The still of the year in the garden

Winter pool and the therapy-dog
Solstice is the real turn of the year for me. I've celebrated it 'officially' now for 10 years or more. A few stalwart friends have been there all along the way (you know who you are!) and a few 'traditions' have grown over the years. Spiced beef is one, simmered with vegetables, cloves, allspice, water and ale for a few hours and then compressed (with a few handy--and heavy!--reference books; something the internet just couldn't do) to squeeze excess moisture out. Yummm.

There's spiced beef in this picture...
A more recent and personal one is to check if the witch hazel in the back garden is coming into bloom.

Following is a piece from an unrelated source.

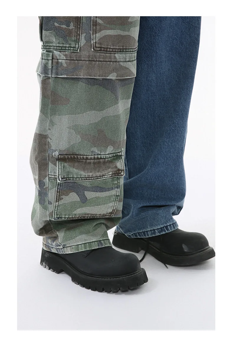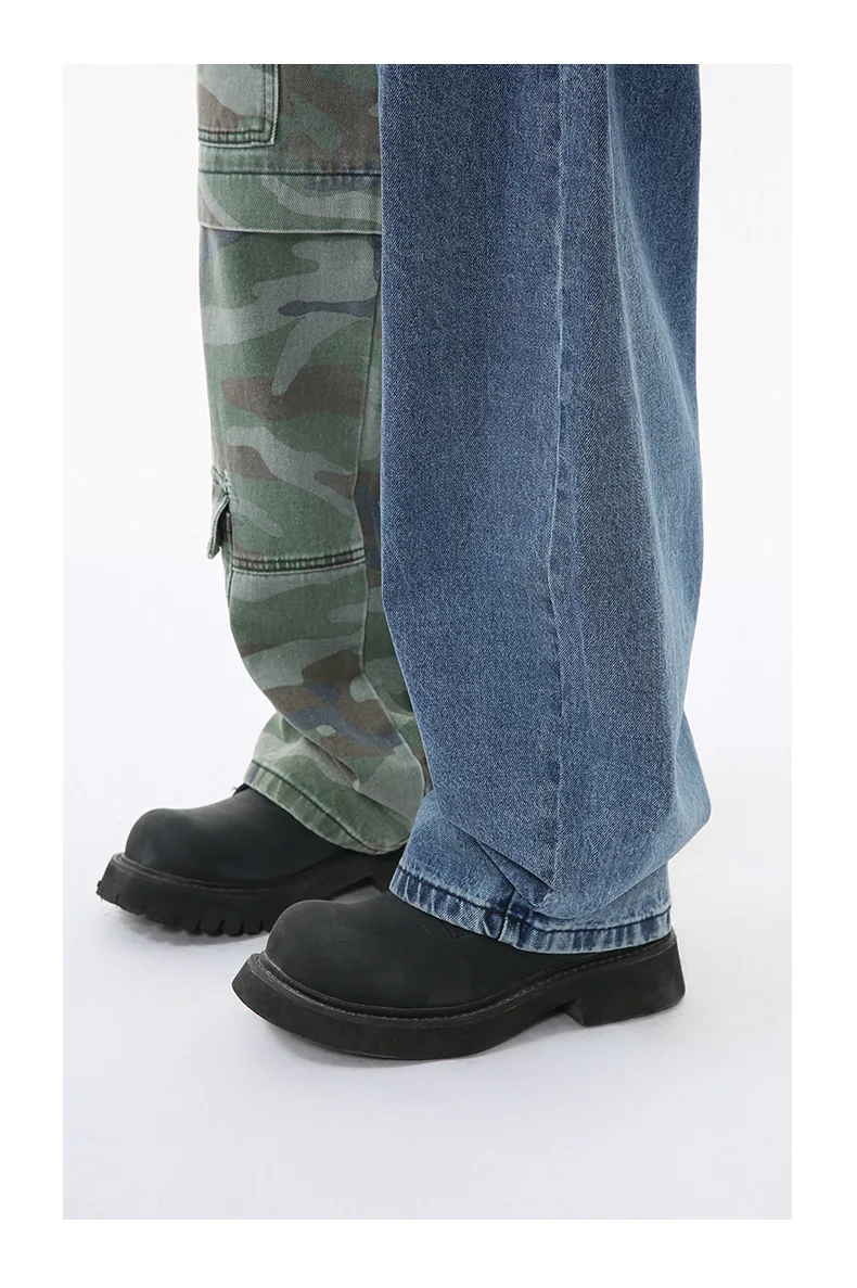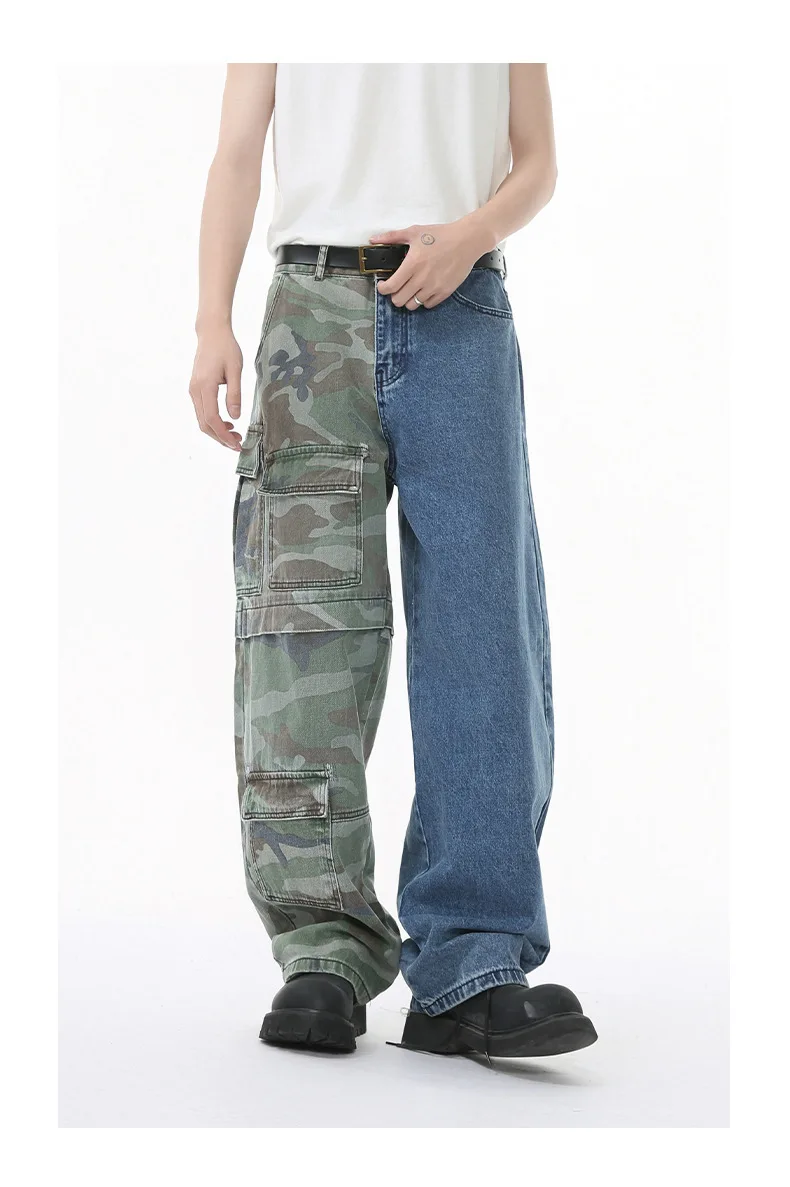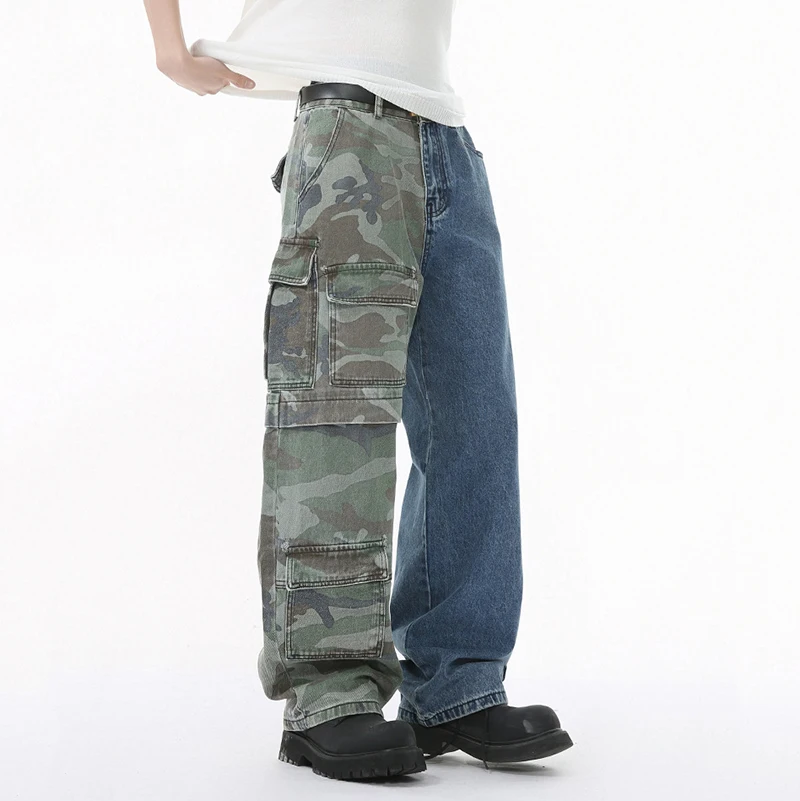 Men Jeans Niche Personalized Camouflage Splicing Two Color Fashion Multi Pockets Loose High Street Denim Pants 9W1679

And this year, YES, the small brown buds are opening to reveal tiny tendrils of lemon yellow to quiver in the winter winds.
Witch Hazel blooms just in time for solstice celebrations
Walks have been a bit curtailed, but Izzy and I have found time once or twice for the winter woods.

Winter beech
Elf caps pinpoint a palimpsest of a fallen tree on the forest floor

Winter is time for texture

Iz surveys the swirling river


Over the last couple of weeks, I've found the beautiful clarity of Ingrid Kertesi singing Bach to be a solace and sometimes I've worked on random colour charts at the same time. I can't find Kertesi online, but you can find here on Naxos 8.554508 with the Hungarian Radio Choir and the Failoni Chamber Orchestra. Here's a taster, Flosst mein Heiland, sung by another soprano:



Ochres and russets, Caran D'Ache and Faber Castell Polychromos

Happy Solstice all.

02 December 2013

Twenty-one

So... here we all are, rumours and old toffee abound (there's a phrase that has been in my head since I saw it on the sleeve of a John Martyn album in 1977...).

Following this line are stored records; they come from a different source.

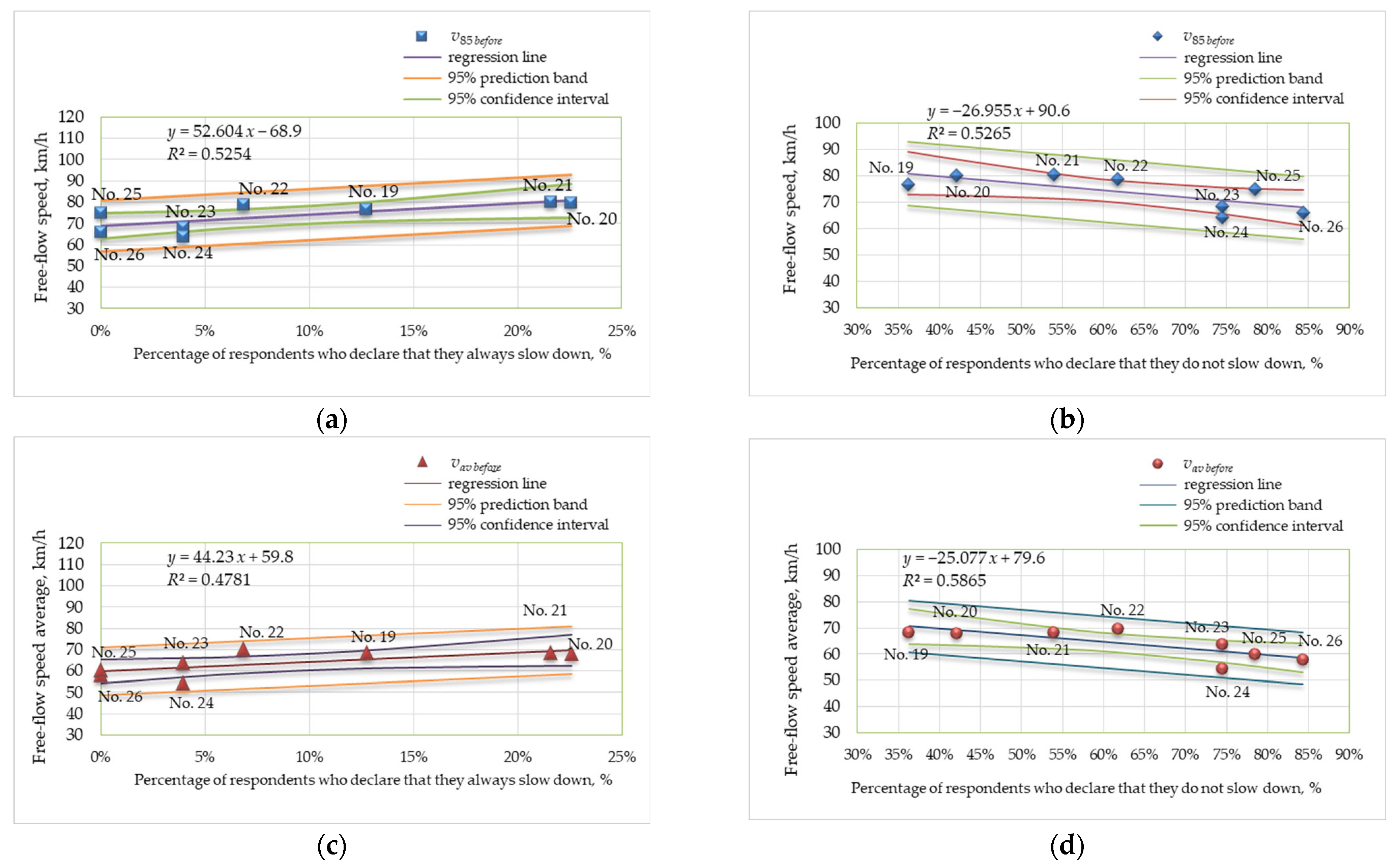 | Study Area | R = f (Percentage of ‘Always Slow Down’ Respondents; v) | R = f (Percentage of ‘Never Slow Down’ Respondents; v) | ||||||
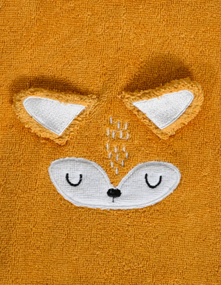 Plongez dans l'univers de l'élégance ludique avec notre collection LITTLE FOXY. Cette cape de bain est dotée d'une broderie détaillée représentant un renard assoupi avec ses oreilles en 3D. Chaque cape de bain accompagne votre enfant lors de ses sorties de bain, alliant un charme intemporel grâce à sa broderie et sa composition 100% coton ultradoux et absorbant.
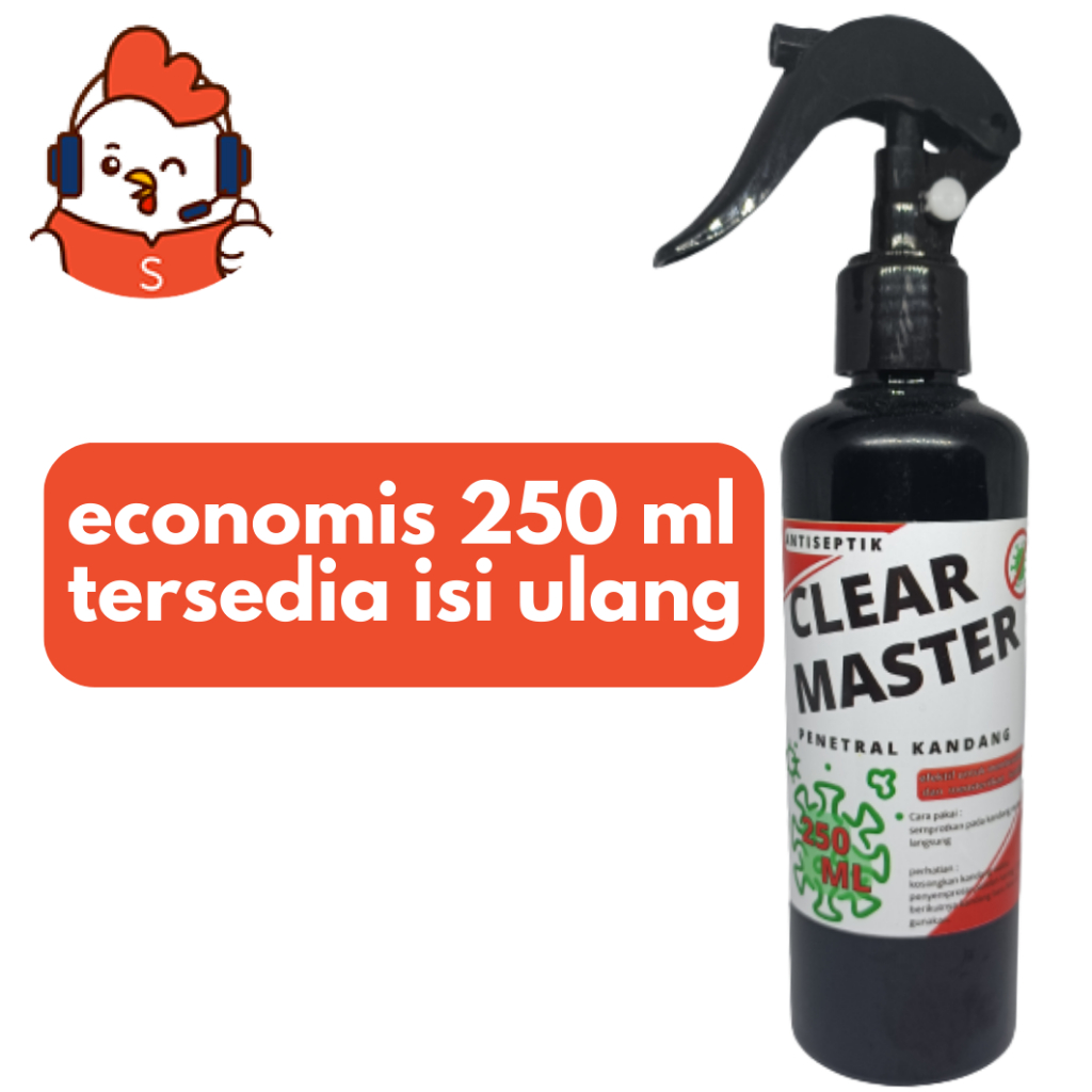 clear master efektif mensterilkan kandang dari kuman virus dan bakteri. aturan pakai lihat pada kemasan tersedia refil atau isi ulang

First of all, thanks to those who wrote/emailed/spoke to me about the blog over the last few weeks, you've been very kind and very helpful...I've been mulling things over and I've a germ of an idea.

Twenty-one.

On 21 November, I went out with my camera on the morning walk in the usual suburban haunts: the field, the park, the garden. I took photos at particular vantage points. And I hope to do the same over the coming twelve months on the 21st of each month. Those of you who know me well will realise that the choice of date isn't entirely random -- it'll rather nicely pull in the solstices and the equinoxes, as well as provide a record of the changes over the year.

As well as garden news and views, goings-on in the immediate environment and the drawings, I'll also pull in other serendipitous bits and bobs: music, writing, whatever ... I hope you'll stay with me for this small homage to changing seasons, what's to wonder at and what's to wonder about.

21 November

And to start, here are the November images. It's a dark start; I have an imagination deficit at this time of the year when I just can't visualise how these places look in a different season ... Maybe this blog will help in the coming twelve months.

The field

One of the nice things about winter mornings is the moon

The park

Lamplight and a glimpse of the not-yet-risen-sun-light in the distance
We have oaks, horse chestnuts and ash in the park; on 21 November a lot of leaves were still on the trees providing
lovely colour but in the dawn light all were looking a bit grey

It's dark under the trees in the early winter mornings. This is a spot-the-schnauzer pic too.

The garden

Coming home from the walk, we come into the garden,
which looks distressingly grey and drab here in the poor light. Ah winter!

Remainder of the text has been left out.